* DATASET CONTENT

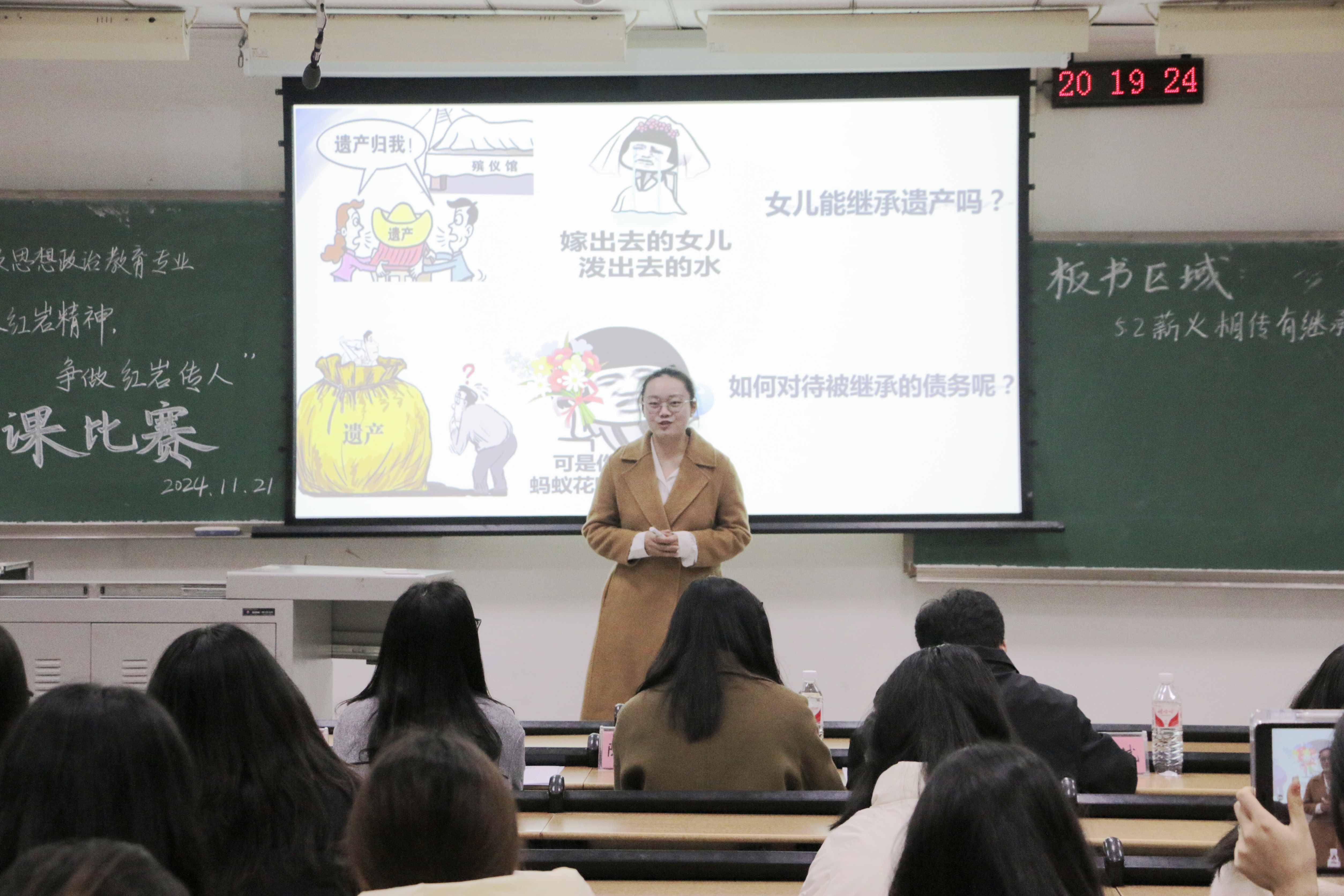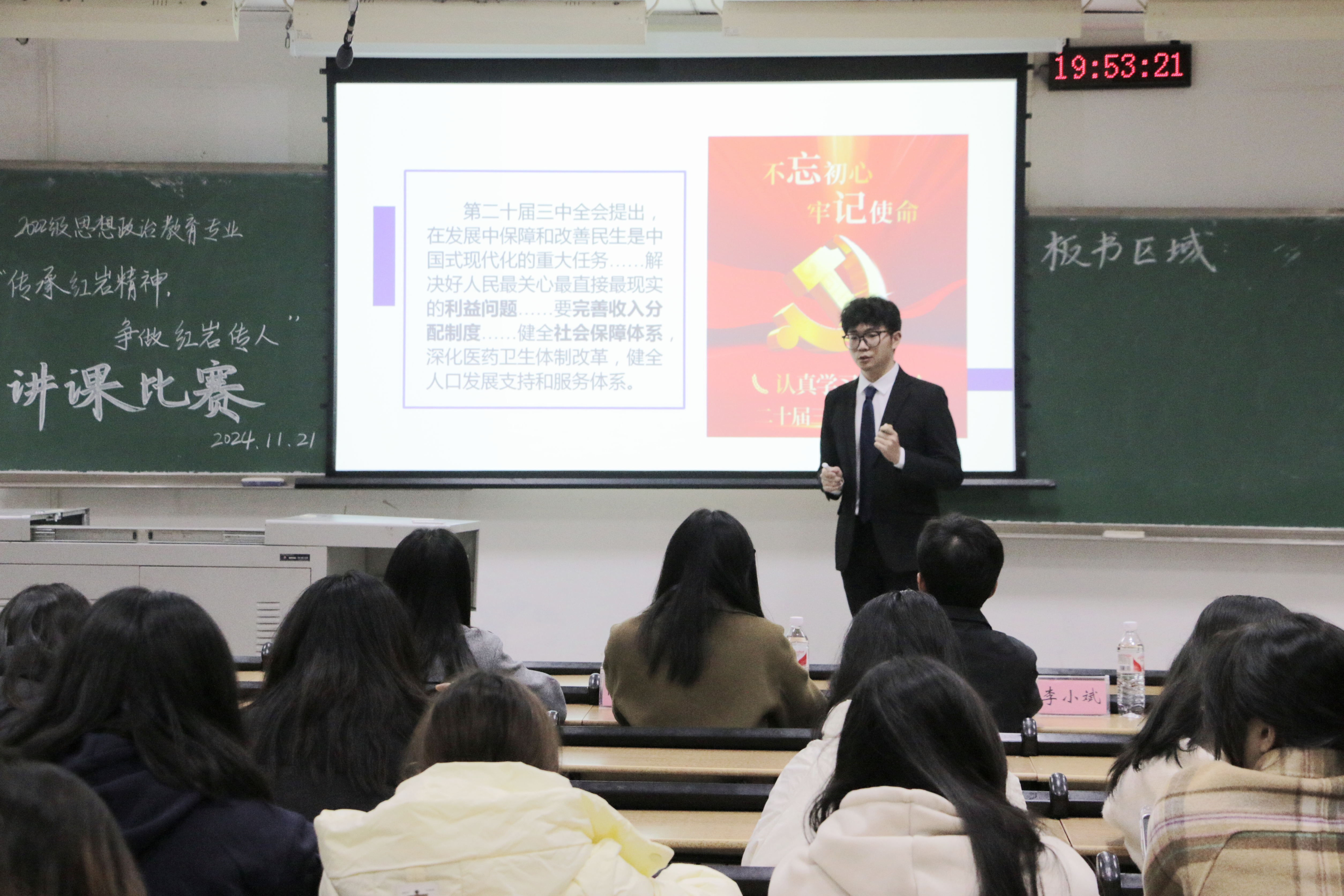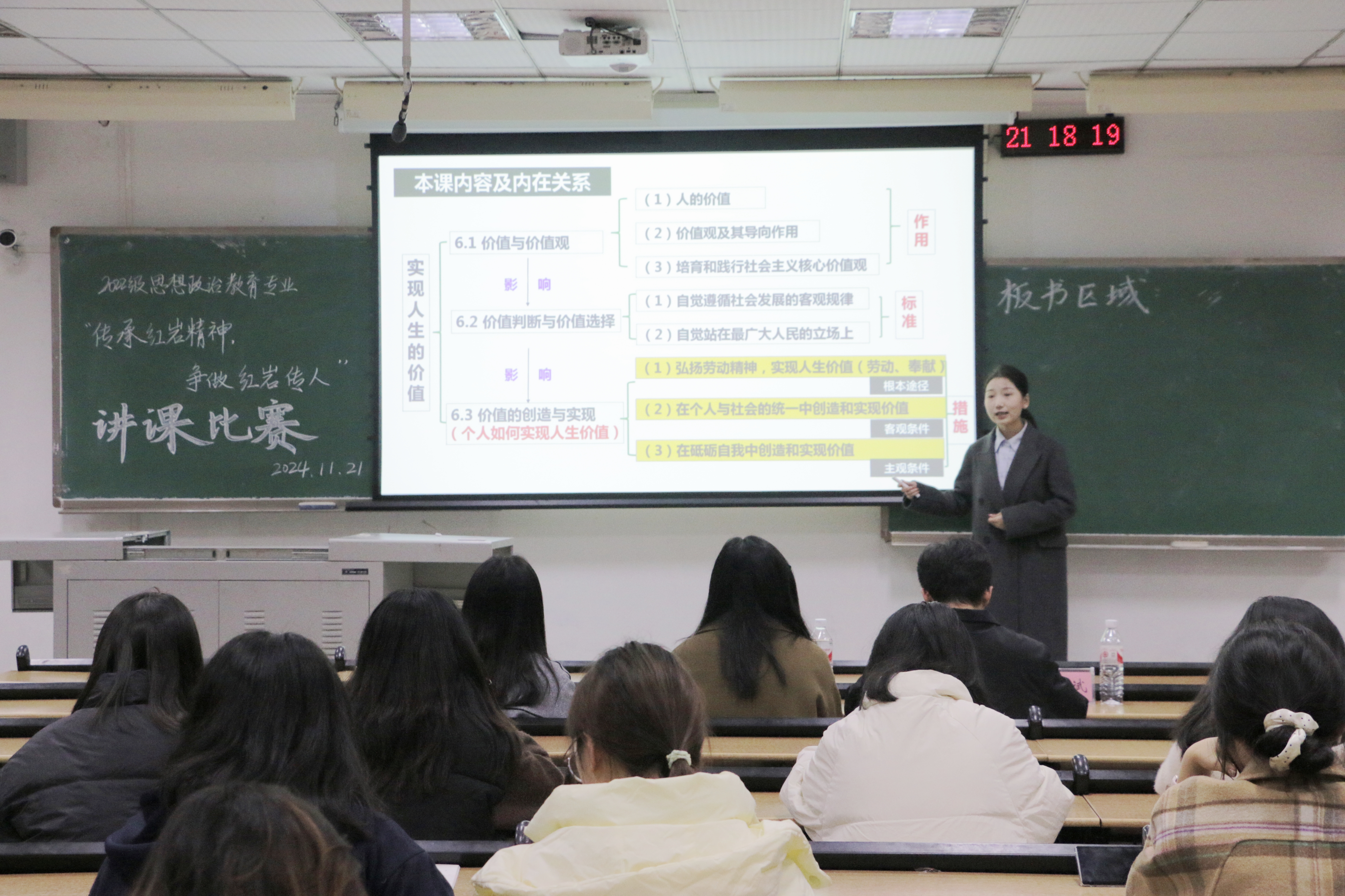 本次比赛以学生个人为单位报名参赛,要求选择初、高中阶段思政课教材某一章节或某一目内容进行课件制作并进行展示汇报,既加强了2022级学生对初高中教材的理解和对讲课流程的熟悉,又锻炼了学生在短时间内制作多媒体课件的能力。比赛分为初赛与决赛两个阶段。在11月中旬抽签分为4组举行了初赛,选拔出13名同学进入决赛。
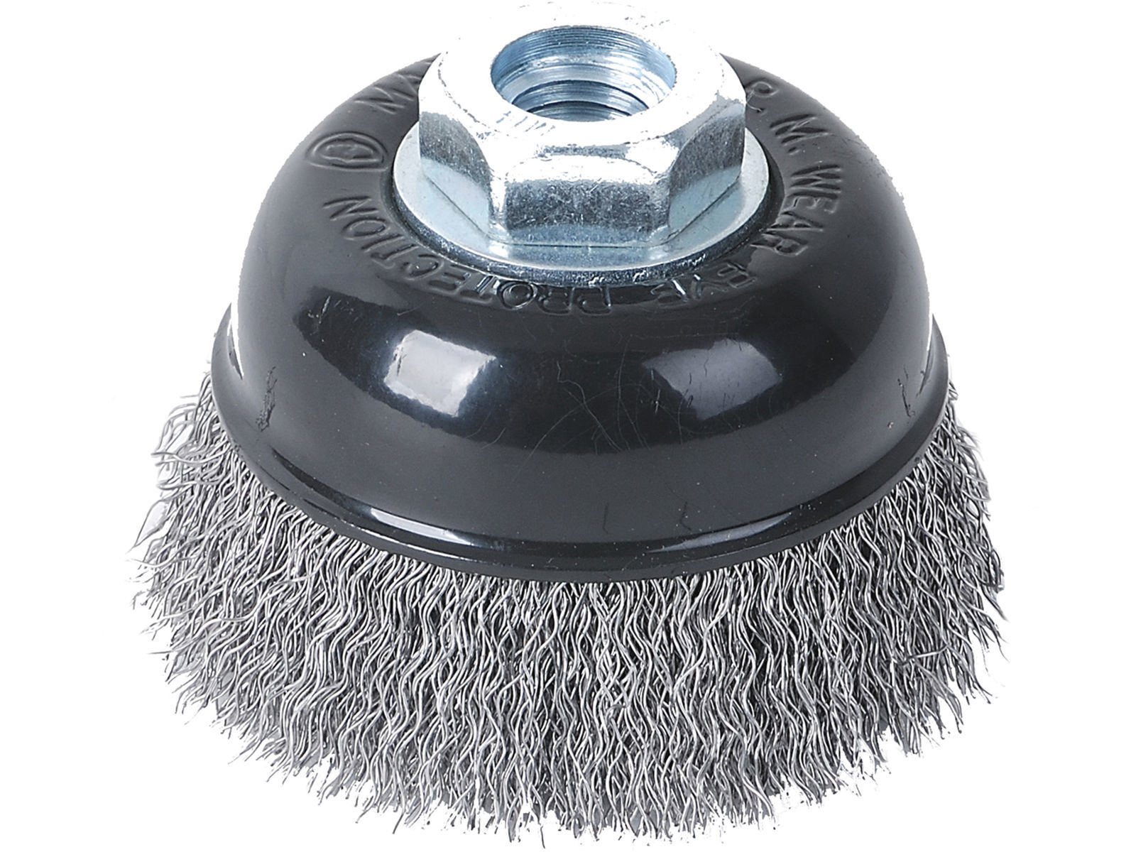 Stålbørste med 0,3mm tykk stål tråd og 6mm tapp. For bruk på vinkelsliper.
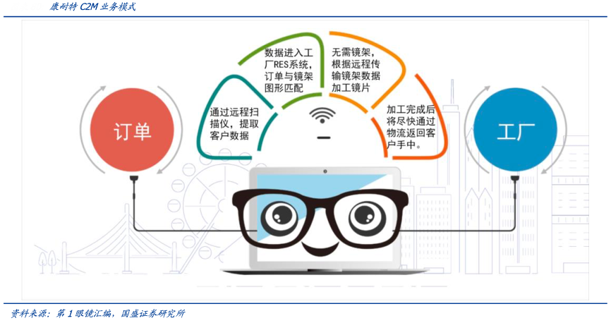 經(jīng)典案例:根據(jù)第1眼鏡匯編、國(guó)盛證券研究所等綜合資訊表明,康耐特光學(xué)依托 C2M 新業(yè)態(tài)模式滿(mǎn)足終端客戶(hù)一站式需求。C2M 模式指工廠(chǎng)直面終端銷(xiāo)售,主要客戶(hù)為眼科醫(yī)院/眼鏡店/診所/連鎖店/大型商超/在線(xiàn)網(wǎng)店。公司遠(yuǎn)程系統(tǒng)建設(shè)完善,用戶(hù)在線(xiàn)訂單系統(tǒng)下單后,信息直接傳輸至公司軟件&生產(chǎn)設(shè)備;同時(shí)也可以和客戶(hù)自有系統(tǒng)打通,提升客戶(hù)下單便捷性&交付效率。
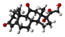 Cortisone is a pregnane (21-carbon) steroid hormone. Cortisone is a naturally-occurring corticosteroid metabolite that is also used as a pharmaceutical prodrug; it is not synthesized in the adrenal glands. Cortisol is converted by the action of the enzyme corticosteroid 11-beta-dehydrogenase isozyme 2 into the inactive metabolite cortisone, particularly in the kidneys. Cortisone is converted back to the active steroid cortisol by the action of the enzyme 11β-Hydroxysteroid dehydrogenase type 1, particularly in the liver.

* YOUR TASK
Output the data verbatim, images excluded.

* REPLY TO THE TASK
 本次比赛以学生个人为单位报名参赛,要求选择初、高中阶段思政课教材某一章节或某一目内容进行课件制作并进行展示汇报,既加强了2022级学生对初高中教材的理解和对讲课流程的熟悉,又锻炼了学生在短时间内制作多媒体课件的能力。比赛分为初赛与决赛两个阶段。在11月中旬抽签分为4组举行了初赛,选拔出13名同学进入决赛。
 Stålbørste med 0,3mm tykk stål tråd og 6mm tapp. For bruk på vinkelsliper.
 經(jīng)典案例:根據(jù)第1眼鏡匯編、國(guó)盛證券研究所等綜合資訊表明,康耐特光學(xué)依托 C2M 新業(yè)態(tài)模式滿(mǎn)足終端客戶(hù)一站式需求。C2M 模式指工廠(chǎng)直面終端銷(xiāo)售,主要客戶(hù)為眼科醫(yī)院/眼鏡店/診所/連鎖店/大型商超/在線(xiàn)網(wǎng)店。公司遠(yuǎn)程系統(tǒng)建設(shè)完善,用戶(hù)在線(xiàn)訂單系統(tǒng)下單后,信息直接傳輸至公司軟件&生產(chǎn)設(shè)備;同時(shí)也可以和客戶(hù)自有系統(tǒng)打通,提升客戶(hù)下單便捷性&交付效率。
 Cortisone is a pregnane (21-carbon) steroid hormone. Cortisone is a naturally-occurring corticosteroid metabolite that is also used as a pharmaceutical prodrug; it is not synthesized in the adrenal glands. Cortisol is converted by the action of the enzyme corticosteroid 11-beta-dehydrogenase isozyme 2 into the inactive metabolite cortisone, particularly in the kidneys. Cortisone is converted back to the active steroid cortisol by the action of the enzyme 11β-Hydroxysteroid dehydrogenase type 1, particularly in the liver.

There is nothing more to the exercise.